*** Opening of Raw data ***
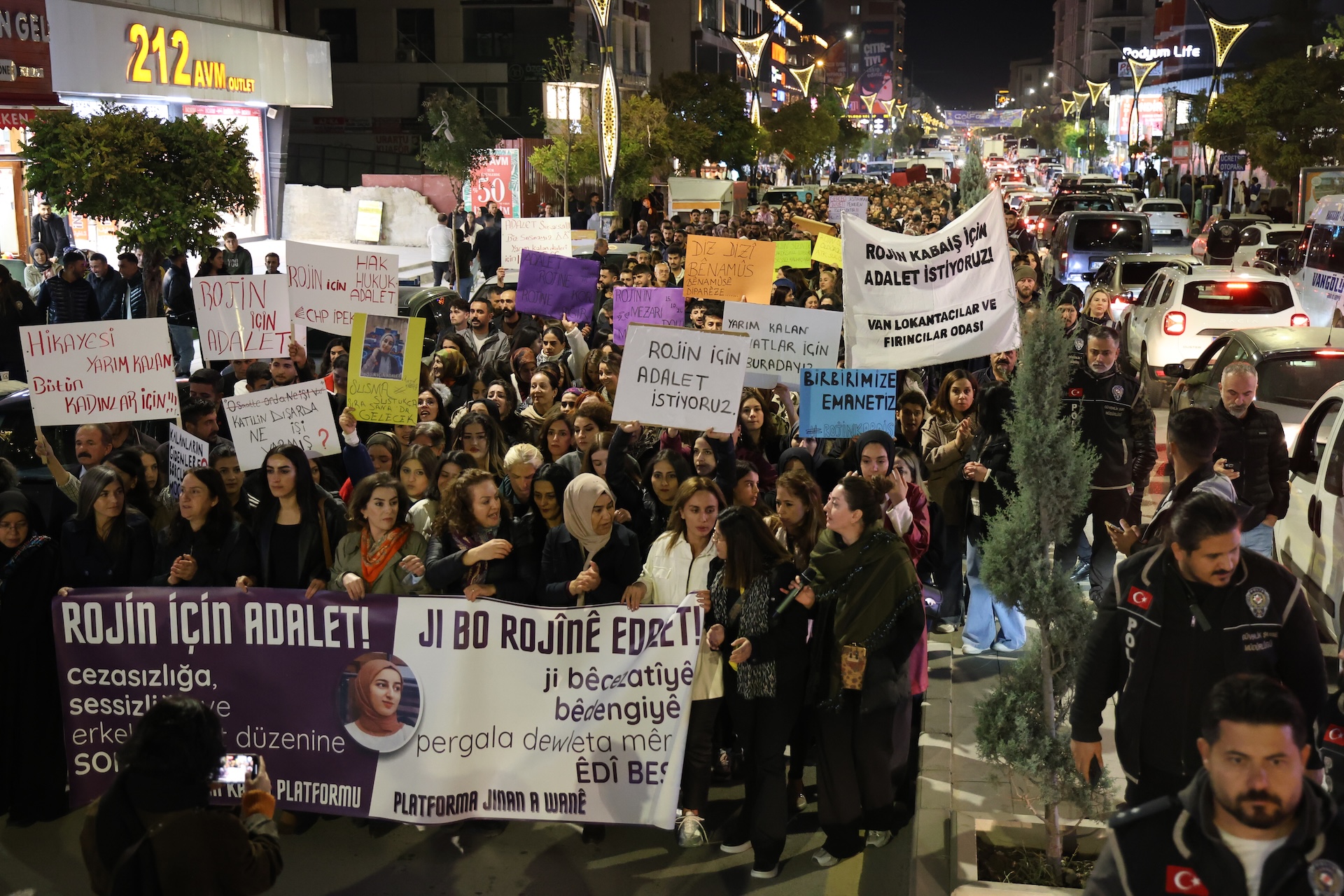 Platforma Jinan a Wanê, têkildarî geşedanên dawî yên di dosyeya Rojîn Kabaîşê de meşeke girseyî li dar xist. Girse li ber Wan AVMê kom bû û bi pankarta “Ji bo Rojinê edalet! Ji bêcezatîyê, bêdengiyê û pergala dewleta mêr re êdî bes e!” û dowîzên “em ji bo Rojînê edaletê dixwazin”, “derengmayîna edaletê, bêedaletî ye”, “em edaletê dixwazin” û gelek dowîzên din heta Qada Bajêr meşiyan. Girseyê, dirûşmeyên “Jin jiyan azadî”, “mêr lêdixe, dewlet diparêze” û “rektor îstîfa” berz kirin û bertek nîşanî îhmalkariya rêveberiya zanîngehê da. Hevşaredara Bajarê Mezin a Wanê Neslîhan Şedal, Parlamentera Partiya Wekhevî û Demokrasiyê ya Gelan (DEM Partî) ya Wanê Gulderen Varli, endamên platformê û gelek jin beşdarî meşê bûn.
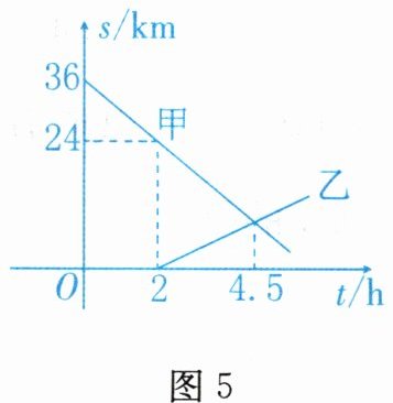 6. 甲、乙两人分别从$A$,$B$两地相向而行,他们距$B地的距离s$(单位:$km$)与时间$t$(单位:$h$)的关系如图5所示,那么乙的速度是______
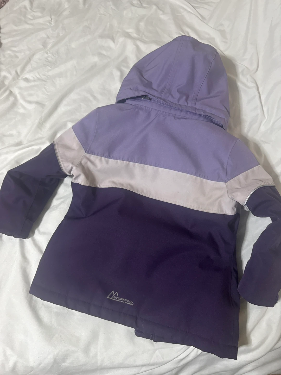 10Keep your little one warm this winter with this Stormtech kids winter jacket! The jacket features a stylish purple colour block design. It's perfect for outdoor adventures and snowy days Size 4
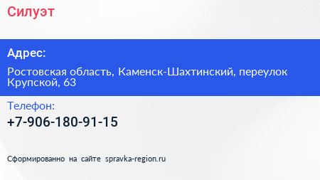 Силуэт по адресу Ростовская область, Каменск-Шахтинский, переулок Крупской, 63 в дальнейшем Организация, размещена в следующих категориях:
*** Close of Raw data ***
## What needs to be done
With the pictures set aside, copy each line above as written.

## Exercise response
 Platforma Jinan a Wanê, têkildarî geşedanên dawî yên di dosyeya Rojîn Kabaîşê de meşeke girseyî li dar xist. Girse li ber Wan AVMê kom bû û bi pankarta “Ji bo Rojinê edalet! Ji bêcezatîyê, bêdengiyê û pergala dewleta mêr re êdî bes e!” û dowîzên “em ji bo Rojînê edaletê dixwazin”, “derengmayîna edaletê, bêedaletî ye”, “em edaletê dixwazin” û gelek dowîzên din heta Qada Bajêr meşiyan. Girseyê, dirûşmeyên “Jin jiyan azadî”, “mêr lêdixe, dewlet diparêze” û “rektor îstîfa” berz kirin û bertek nîşanî îhmalkariya rêveberiya zanîngehê da. Hevşaredara Bajarê Mezin a Wanê Neslîhan Şedal, Parlamentera Partiya Wekhevî û Demokrasiyê ya Gelan (DEM Partî) ya Wanê Gulderen Varli, endamên platformê û gelek jin beşdarî meşê bûn.
 6. 甲、乙两人分别从$A$,$B$两地相向而行,他们距$B地的距离s$(单位:$km$)与时间$t$(单位:$h$)的关系如图5所示,那么乙的速度是______
 10Keep your little one warm this winter with this Stormtech kids winter jacket! The jacket features a stylish purple colour block design. It's perfect for outdoor adventures and snowy days Size 4
 Силуэт по адресу Ростовская область, Каменск-Шахтинский, переулок Крупской, 63 в дальнейшем Организация, размещена в следующих категориях:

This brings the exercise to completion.